The filtered dataset is used to train the Generation models to complete sentences based on a prompt, while minimizing harmful generations. Our use of filtered training data is motivated by the observation of (Bender et al., 2021) that uncurated data used to train language models encodes the dominant view, further harming people at the margins. Cohere continues to invest significant resources towards dataset curation to prevent harm.
This model is trained on the Google Books dataset, CommonCrawl, and text from the internet scraped by the Cohere infrastructure team. The top ten domains scraped by our team include:
wordpress.com, medium.com, stackexchange.com, tumblr.com, elsevier.com, genius.com, bbc.co.uk, libsyn.com, yahoo.com, nytimes.com
The scraped data is similar in composition to many other large, Internet-sourced language modeling datasets, and hence reflects perspectives that skew young, white, and male (Bender et al., 2021). Language models trained on such data encode the hegemonic viewpoint; Jo and Gebru, 2021 detail issues and solutions around this topic in-depth. Enhancing the diversity of our training data is a top priority as we continue to iterate our data collection process.
Filtering harmful, biased, or otherwise undesirable documents from training data can improve language model performance (Raffel et al., 2020) and reduce the chances of the model perpetuating harm. However, doing so with precision is critical so that we do not silence marginalized voices (Bender et. al, 2021).
With these considerations in mind, we designed a document curation process which aims to minimize undesirable text within our training data. The best way to do this is an active area of research within Cohere and the broader machine learning research community (Sharoff, 2020). As Cohere learns more about the types of harm large language models exhibit, it will adapt the composition of its datasets accordingly.
We recognize the dangers of using a blockword list (i.e. removing any documents containing words from a list of selected words).

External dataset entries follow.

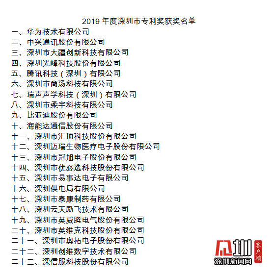 會議同期還發(fā)布了2019年度深圳市專利獎獲獎企業(yè)名單,華為技術(shù)有限公司、中興通訊股份有限公司、深圳市大疆創(chuàng)新科技有限公司、深圳光峰科技股份有限公司、騰訊科技(深圳)有限公司、深圳市商湯科技有限公司、瑞聲聲學科技(深圳)有限公司等23家單位獲獎。
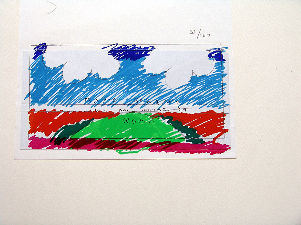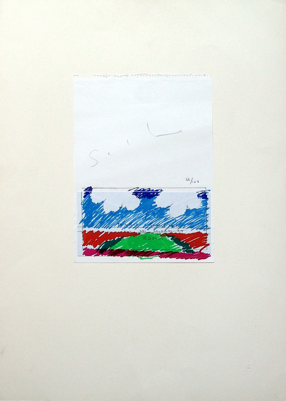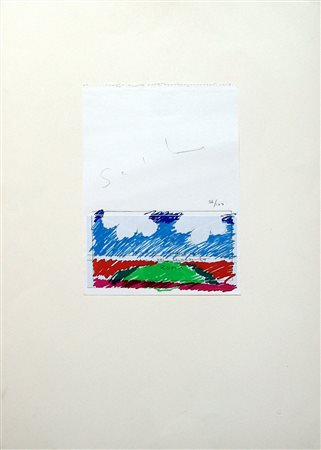 Mario Schifano 1934, Homs (Libia) - 1998, Roma (Rm) - [Italia] Paesaggio litografia 70x50 cm es. 36/100; firma dell'artista in alto e timbro "Il labirinto" di Roma in basso a destra certificato di autenticità Picenum
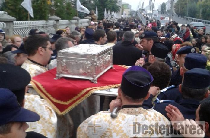 Peste 1.000 de credinciosi bacauani, carora li s-au alaturat si reprezentantii administratiei locale si judetene, au intâmpinat vineri, 11 octombrie, incepând cu ora 17.00, la biserica „Sf. Dimitru” din zona Narcisa, racla cu moastele Sfintilor Imparati Constantin si Elena.
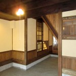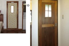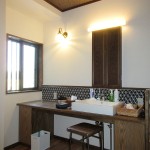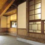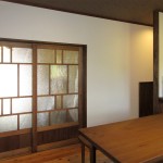玄関から続く逞しい梁の見える土間は、古い建具を生かし、腰壁の上はスペイン漆喰仕上げとし、古民家テイスト溢れる空間になりました。
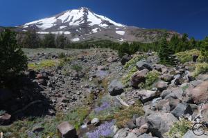 One of the most mysterious perspectives on Mount Shasta, due in large measure to Coquette Falls. Marked on topographic maps, this waterfall is the least known of Mount Shasta’s four named cataracts. Due to shifts in the stream bed, the original Coquette Falls has gone dry but now the water plummets over New Coquette Falls (sometimes called Bolam Creek Falls). The overall scene is incredible, with the Bolam Glacier-clad summit of Mount Shasta looming over the scene and the off-kilter bulk of Shastina rising like an unstable heap above the falls. Nearly 400 feet deep, Bolam Creek Canyon drops away below the visit point while wildflowers brighten the entire scene. It is a rarely seen and magnificent spectacle.
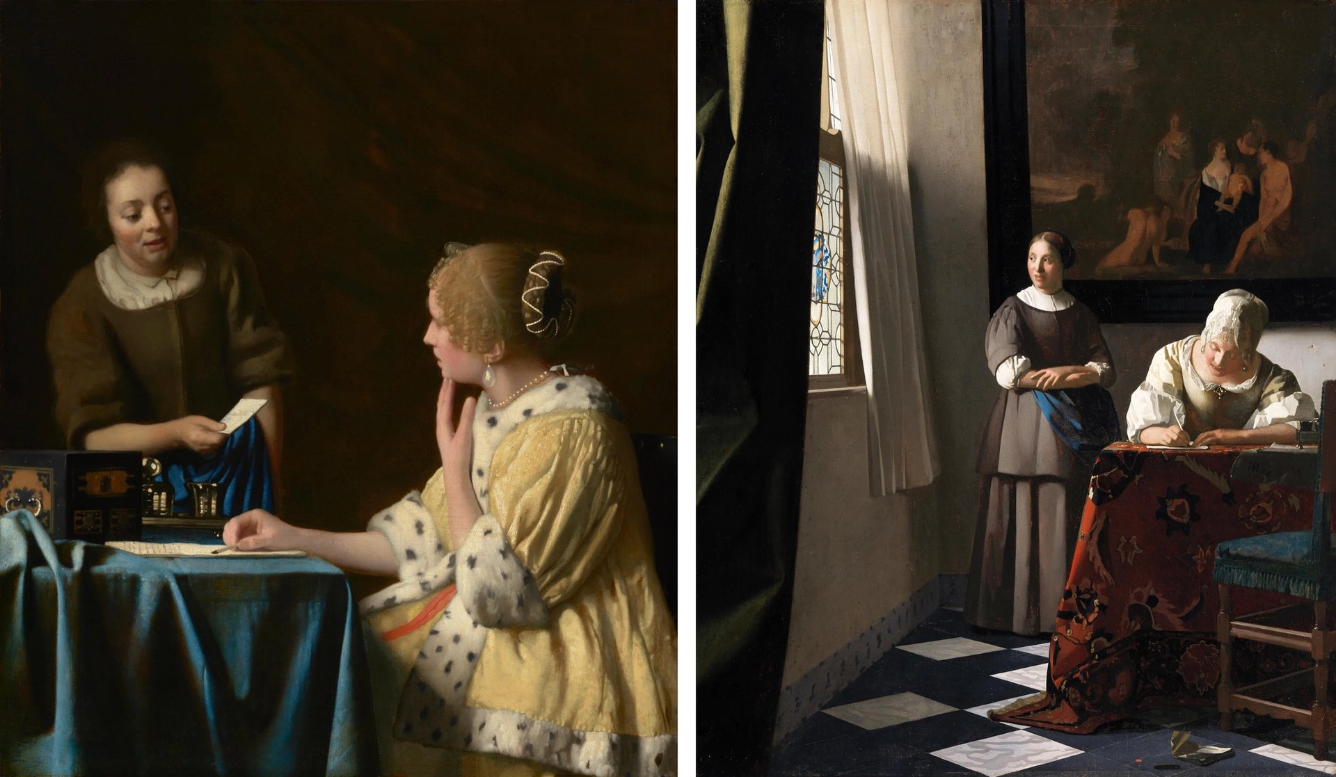 Johannes Vermeer’s Mistress and Maid (1664–67) and Woman writing a Letter, with her Maid (1670–72)

Our filtration techniques are designed to retain counterspeech by taking into account language and context in a nuanced way. For example, we do not want to remove documents addressing racism, but we do want to filter racist texts. An example of a harm filtration technique we use has been published to Arxiv.
We currently train our language models on English documents only, and model performance is evaluated on English benchmarks. The heuristics we use to detect non-English text during document curation are imperfect and other languages may still remain in the dataset. Multilingual datasets and benchmarks will be incorporated into future iterations of our data and evaluation pipelines.